The significance of information technology (IT) on the banking industry has been profound and transformative. IT has revolutionized the way banks operate, deliver services, interact with customers, manage data, and ensure security. Here are some key points highlighting the impact of information technology  on the banking sector:

  1. Automation and Efficiency: Information technology has enabled automation of various banking processes, reducing the need for manual intervention and paperwork. This has led to increased efficiency, faster transaction processing, and minimized errors.
  2. Online Banking and Mobile Apps: IT has given rise to online banking platforms and mobile applications, allowing customers to perform a wide range of banking activities from the comfort of their homes or on the go. This convenience has transformed customer expectations and engagement.
  3. ATMs and Self-Service Kiosks: Automated Teller Machines (ATMs) and self-service kiosks are examples of information technology -driven solutions that allow customers to perform basic transactions such as cash withdrawals, deposits, and fund transfers outside of traditional banking hours.
  4. Electronic Funds Transfer: IT has enabled electronic funds transfer systems, such as Real-time Gross Settlement (RTGS) and Automated Clearing House (ACH), which facilitate swift and secure transfer of funds between banks and accounts.
  5. Data Management and Analytics: Banks deal with enormous volumes of data. IT has enabled sophisticated data management and analytics tools, helping banks derive insights from customer behavior, transaction patterns, and market trends. This information aids in making informed business decisions and offering personalized services.

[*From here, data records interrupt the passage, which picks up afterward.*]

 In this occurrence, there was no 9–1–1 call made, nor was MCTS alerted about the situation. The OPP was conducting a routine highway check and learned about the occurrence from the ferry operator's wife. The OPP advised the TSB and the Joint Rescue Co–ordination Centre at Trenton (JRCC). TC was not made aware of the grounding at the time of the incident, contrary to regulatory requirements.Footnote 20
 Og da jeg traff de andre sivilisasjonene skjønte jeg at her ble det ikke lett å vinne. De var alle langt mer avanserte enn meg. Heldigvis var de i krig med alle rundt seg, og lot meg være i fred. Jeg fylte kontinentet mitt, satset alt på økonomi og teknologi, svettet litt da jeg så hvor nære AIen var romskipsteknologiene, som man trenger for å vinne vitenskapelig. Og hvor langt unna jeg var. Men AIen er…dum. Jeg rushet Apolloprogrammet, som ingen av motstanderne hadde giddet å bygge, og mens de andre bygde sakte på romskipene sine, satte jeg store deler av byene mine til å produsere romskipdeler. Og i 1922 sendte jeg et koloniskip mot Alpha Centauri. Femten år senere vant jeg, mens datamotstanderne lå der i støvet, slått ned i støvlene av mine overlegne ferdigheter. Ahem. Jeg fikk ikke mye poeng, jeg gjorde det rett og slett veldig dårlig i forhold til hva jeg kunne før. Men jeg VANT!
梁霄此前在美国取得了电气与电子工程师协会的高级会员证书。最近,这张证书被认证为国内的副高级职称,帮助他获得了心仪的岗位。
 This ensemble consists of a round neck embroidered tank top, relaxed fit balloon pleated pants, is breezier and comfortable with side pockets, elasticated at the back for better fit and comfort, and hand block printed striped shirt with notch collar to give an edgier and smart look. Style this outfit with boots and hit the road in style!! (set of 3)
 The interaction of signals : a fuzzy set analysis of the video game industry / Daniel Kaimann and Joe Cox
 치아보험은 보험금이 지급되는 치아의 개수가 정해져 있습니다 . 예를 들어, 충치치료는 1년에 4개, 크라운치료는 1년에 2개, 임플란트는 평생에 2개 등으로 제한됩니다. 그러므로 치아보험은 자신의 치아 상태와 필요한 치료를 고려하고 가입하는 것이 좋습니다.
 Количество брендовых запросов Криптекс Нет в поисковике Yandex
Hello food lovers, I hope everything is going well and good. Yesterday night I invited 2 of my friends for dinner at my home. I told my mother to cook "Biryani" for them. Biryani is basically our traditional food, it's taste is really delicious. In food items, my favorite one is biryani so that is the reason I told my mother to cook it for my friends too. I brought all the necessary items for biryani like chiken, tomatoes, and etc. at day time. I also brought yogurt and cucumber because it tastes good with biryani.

  6. Risk Management and Fraud Prevention: Advanced information technology  systems have bolstered risk management processes in banks. AI algorithms and machine learning models analyze transactions in real-time to detect and prevent fraudulent activities, enhancing security for both customers and the bank itself.
  7. Customer Experience: IT has transformed customer experiences in banking. Personalized services, chatbots for quick query resolution, and 24/7 customer support contribute to a more satisfying customer journey.
  8. Digital Payments and Wallets: The rise of digital payment systems, including mobile wallets and contactless payment methods, has been facilitated by information technology. These systems have reduced the dependence on physical currency and cards.
  9. Core Banking Systems: IT plays a crucial role in maintaining core banking systems, which manage transactions, accounts, loans, and other essential banking functions. These systems are the backbone of banking operations.
  10. Regulatory Compliance: IT systems aid banks in adhering to regulatory compliance standards by ensuring accurate reporting, monitoring, and recording of financial transactions.
  11. Remote Services: IT has enabled remote account opening, loan applications, and document submissions. This is particularly important during times of crisis or when physical access to branches is limited.
  12. Global Connectivity: IT has facilitated international banking operations, enabling seamless cross-border transactions and currency exchange.

In summary, information technology has transformed the banking industry by increasing efficiency, enhancing customer experiences, improving security, enabling innovative services, and streamlining operations. The integration of information technology  has become essential for banks to stay competitive in a rapidly evolving financial landscape.